South Carolina jury weighs case against ex-cop who killed motorist

By Harriet McLeod

CHARLESTON, S.C. (Reuters) - Jurors deliberated for a second day on Thursday on a murder charge against a white former South Carolina police officer accused of fatally shooting a fleeing black motorist last year, and activists vowed to protest if they disagreed with the verdict.

Ex-North Charleston patrolman Michael Slager, 35, faces up to life in prison if found guilty of murder in the death of 50-year-old Walter Scott in April 2015.

A guilty verdict for a lesser charge of voluntary manslaughter would carry between two and 30 years behind bars.

Organizers for civil rights groups told Reuters that an acquittal would prompt demonstrations.

"We won't sit idly by," said James Johnson, state director for the National Action Network in South Carolina.

The jury of 11 white people and 1 black person will decide Slager's fate in a case that gained widespread attention after a bystander's cellphone video footage of the officer shooting at Scott's back was made public.

The video added fuel to a national debate over the use of force by U.S. law enforcement against minorities in the wake of police killings of black men in cities including New York, Baltimore and Ferguson, Missouri.

Jurors, who viewed the video multiple times and heard testimony from dozens of witnesses during the trial in state court in Charleston over the past month, began deliberating Wednesday evening.

On Thursday afternoon, they requested transcripts of the testimony given by Slager and the chief investigator on the case.

Slager told jurors earlier this week that Scott ran after being pulled over for a broken brake light and resisted the patrolman's orders to stop.

Prosecutors said Scott likely fled because he was behind on child support payments and feared arrest.

Scott was not armed, but Slager's lawyers said the officer did not know that at the time of the confrontation.

Slager said Scott grabbed his stun gun as the two men scuffled.

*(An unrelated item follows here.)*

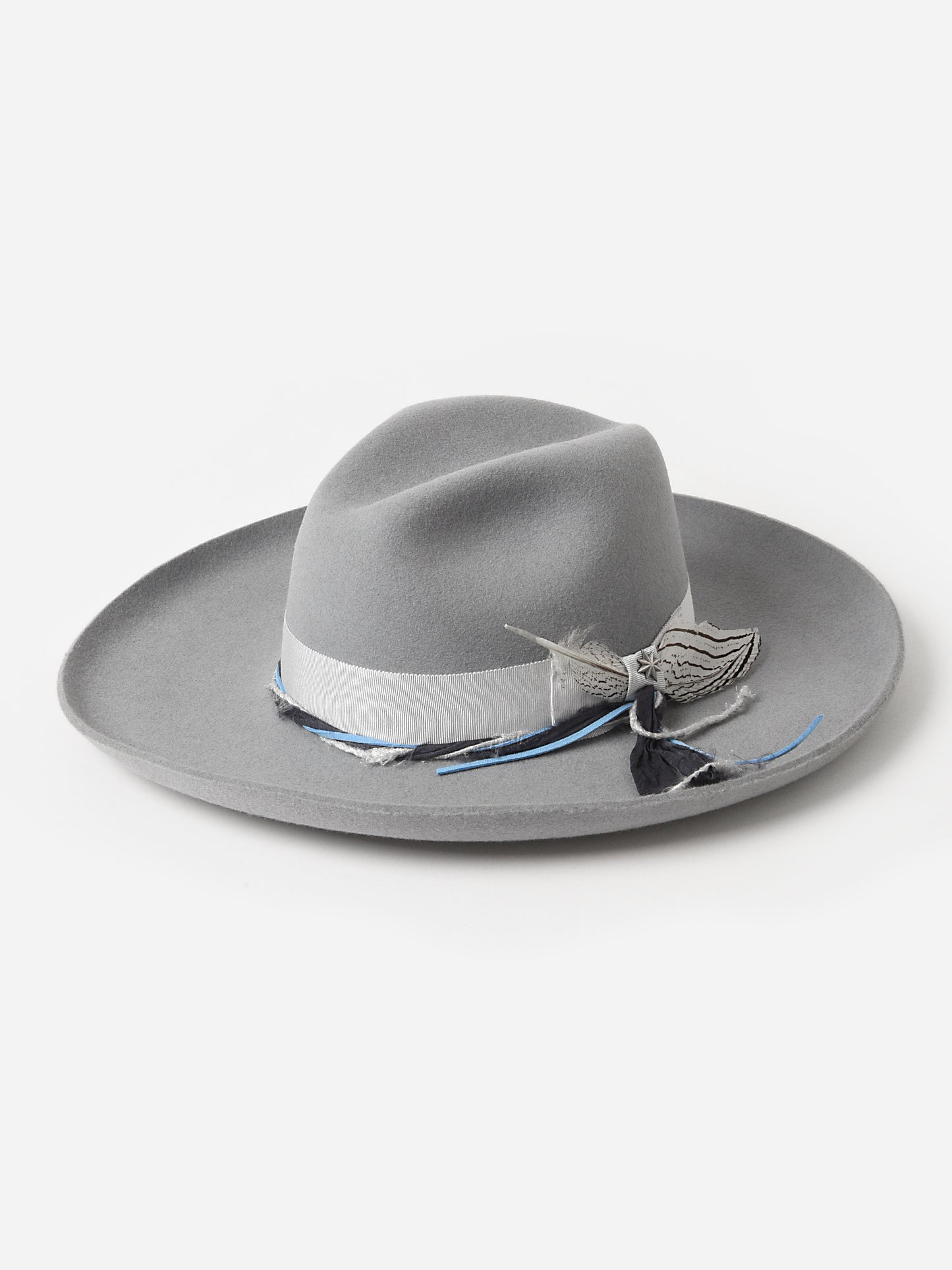 This wool-felt fedora features a curled, raw-edge brim, and a multilayered band that includes a grosgrain ribbon and silk cord.

Feeling "total fear," Slager said he pulled out his gun and opened fire until he had stopped the threat.

Prosecutors argued that the video proved Slager was not in danger when he fired eight shots at the fleeing Scott, hitting him with five bullets.

Outside the Charleston County Judicial Center on Thursday, where television crews, police, chaplains and bystanders waited for a verdict, Anthony Scott, brother of Walter Scott, offered his view on the trial.

"It's gonna be okay," he said. "If it's not okay, we're not done."